Dr. Leemhuis was of the opinion that the incident of November 15, 1967, had caused relator's condition to change from a chronic undifferentiated schizophrenia to a paranoid schizophrenia. Dr. Leemhuis admitted that in classical paranoid schizophrenia the delusions suffered by the patient have no basis in reality and are concrete instead of vague, neither of these characteristics being present in relator's case. According to Dr. Leemhuis many different things aggravated relator's condition, of which the incident of November 15, 1967, was only one. He also admitted that in his opinion relator would never have gotten well even without the incident of November 15; but the doctor thought that he "might" not have gotten worse. Dr. Leemhuis stated that there was no question that relator was a schizophrenic before the incident and admitted that the substantial causes of relator's basic schizophrenia were factors other than the incident of November 15, 1967.
Dr. Meller, who had treated probably 100 cases of schizophrenia in the 2-year period before the hearing, stated that his diagnosis was chronic undifferentiated schizophrenia and that in his opinion this condition was not causally related to the incident of November 15. He also gave the opinion that relator could return to work at the same level as he had before.
Thus, the medical testimony was directly conflicting on the crucial question of whether relator's present disability was causally related to the altercation. In effect, it presented a fact issue for determination by the commission. Under these circumstances the rules for our review of its determination are well settled.

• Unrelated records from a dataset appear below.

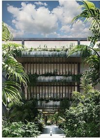
Entrada principal Main entrance
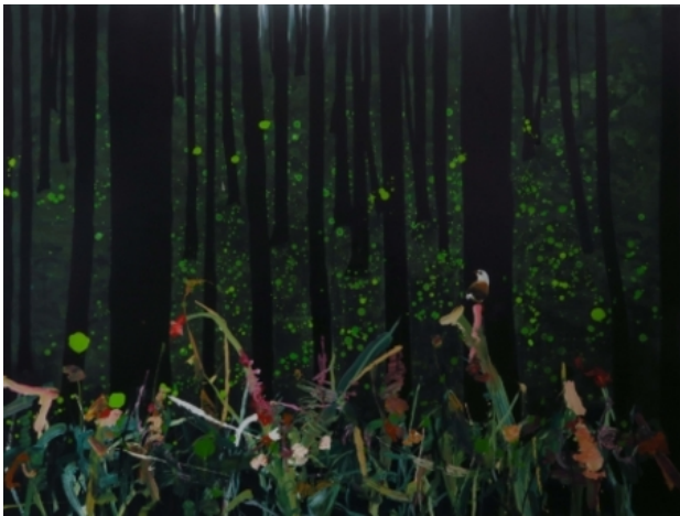
nychthemeron 13 the deeper I go the dark, 2018 olieverf op linnen, 160 x 120
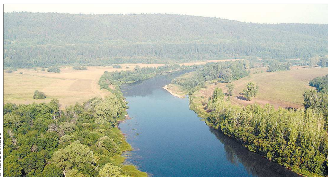
ландшафты. Основная водная артерия Уфы (приток реки Белая Волжско-Камского бассейна) протекает с севера на юг, выбирая притоки: Сарану, Саргаю, Аяз, Бугалыш... Имея на этих рек носят прибрежные сёла и деревни.

Чем «Уфимское плато» интересно туристам? Оно здесь довольно круто обрывается к западному склону Среднего Урала. Многочисленные воронки, пещеры, «исчезнувшие реки» (они тут порой текут в двух ярусах: наверху и под землёй), восходящие источники и промывы. Известняки и гипсы создают здесь причудливо-сказочные

We have repeatedly said that the function of this court in review on certiorari directed to the Workmen's Compensation Commission is not to see whether on the facts the *776 decision of the commission is correct or even preferable to another, but rather, and only, to ascertain whether it has sufficient basis of inference reasonably to be drawn from the facts; and that unless this court can say there is no such basis, a reversal would be a transgression of the proper function of review as distinguished from that of initial decision of determinative fact issues. See, Casey v. Northern States Power Co., 247 Minn. 295, 77 N.W.2d 67; Fleischer v. State of Minnesota, Department of Highways, 247 Minn. 396, 77 N.W.2d 288; Anderson v. Armour & Co., 257 Minn. 281, 101 N.W.2d 435; MacNamara v. Jennie H. Boyd Trust, 287 Minn. 163, 177 N.W.2d 398. A finding upon a question of fact cannot be disturbed unless consideration of the evidence and the inferences permissible therefrom clearly requires reasonable minds to adopt a conclusion contrary to the one at which the commission arrived.
Moreover, on review, the evidence upon which the commission determined the facts and made its findings must be viewed in the light most favorable to such findings. It is not our function, as it is that of the commission, to retry the case on appeal. We are concerned only with the question of whether there is evidence to sustain the findings of the commission. Casey v. Northern States Power Co. supra. We conclude here that the evidence as a whole sustains the findings.
2. It has also been repeatedly held by this court that in workmen's compensation cases conflicts in medical opinion must be resolved by the commission as trier of fact. Schmillen v. Dave Schroeder Grocery, 250 Minn. 561, 85 N.W.2d 740; Kolflat v. Northern Ordnance Co., 274 Minn. 104, 142 N.W.2d 588; Grabowski v. Great Northern Oil Co., 283 Minn. 205, 167 N.W.2d 14. In this case, Dr. Meller's opinion in itself is a credible and persuasive basis for the decision of the commission since the doctor's opinion is corroborated by much of the other evidence in the record and especially by the comparison of relator's testimony as to his condition at the time of the hearing and the evidence about his condition at the time he entered Veterans Hospital 2 years prior to the hearing.
The decision of the commission is affirmed.